Sunday, November 15, 2020
Algorithmic governance fiction
This is a question really. I have written some fiction on the theme of algorithmic governance (algorithmic governmentality, algocracy), like:
- 'Froggy Goes Piggy' in The Long + Short
- 'Public Money and Democracy' (Comedy of the Commons) in Economic Science Fictions
- 'The Internet of Things Your Mother Never Told You' in Twelve Tomorrows
These are stories that are trying to explore the friction you experience living in automated processes that have a particular model of who and what you are, and creates affordances and nudged based on that model. I'm sure there are lots of works like this out there and I'd like to make a list. Suggestions welcome, and/or I'll expand this when I think of more.
For example:
- The novel If/Then by Matthew De Abaiuta (and here's a paper I co-wrote about that)
- Cory Doctorow's 'Petard'
- Robert Kiely and Sean O'Brien's essay 'Science Friction' has some useful context and maybe some leads
- Sarah Gailey's 'Stet,' about self-driving cars
- Surian Soosay's 'Portrait of an Amazonian,' maybe?

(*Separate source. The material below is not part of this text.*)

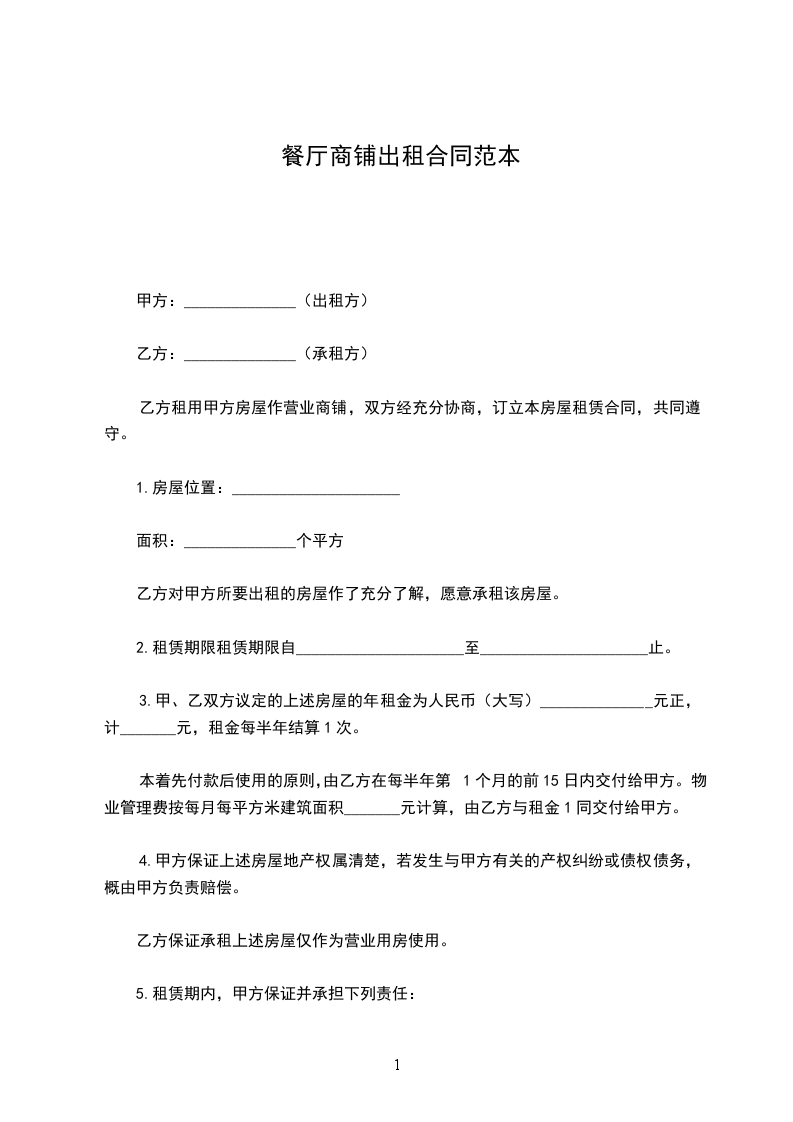 本着先付款后使用的原则,由乙方在每半年第1个月的前15日内交付给甲方。物业管理费按每月每平方米建筑面积_______元计算,由乙方与租金1同交付给甲方。

- Kate Crawford, 'Can an Algorithm be Agnostic?': an article deploying vignettes
- Ferrett Steinmetz's article '8 Science Fiction Books That Get Programming Right' doesn't focus on algorithmic governance per se but is adjacent and interesting
- Daniel Suarez' Daemon and Freedom (tm)
- 'Life's a Game' by Charles Stross (gamification theme) in Twelve Tomorrows
- Tim Maughan's Infinite Detail (surveillance theme)
- An older work, perhaps Kurt Vonnegut's Player Piano (automation, psychometrics)
There is also another SFF trope that is adjacent to this, which you might call AI takeover, which is much more to do with automated processes behaving in unexpectedly anthropological ways. There are obviously overlaps, but I think mostly I'm interested in something else here. As Janelle Shane of AI Weirdness puts it (I'm paraphrasing), the risk is not that AI won't do what we ask, but that it will do exactly what we ask. I think what I'm looking for is Algorithmic Governance Weirdness, a subset of AI weirdness.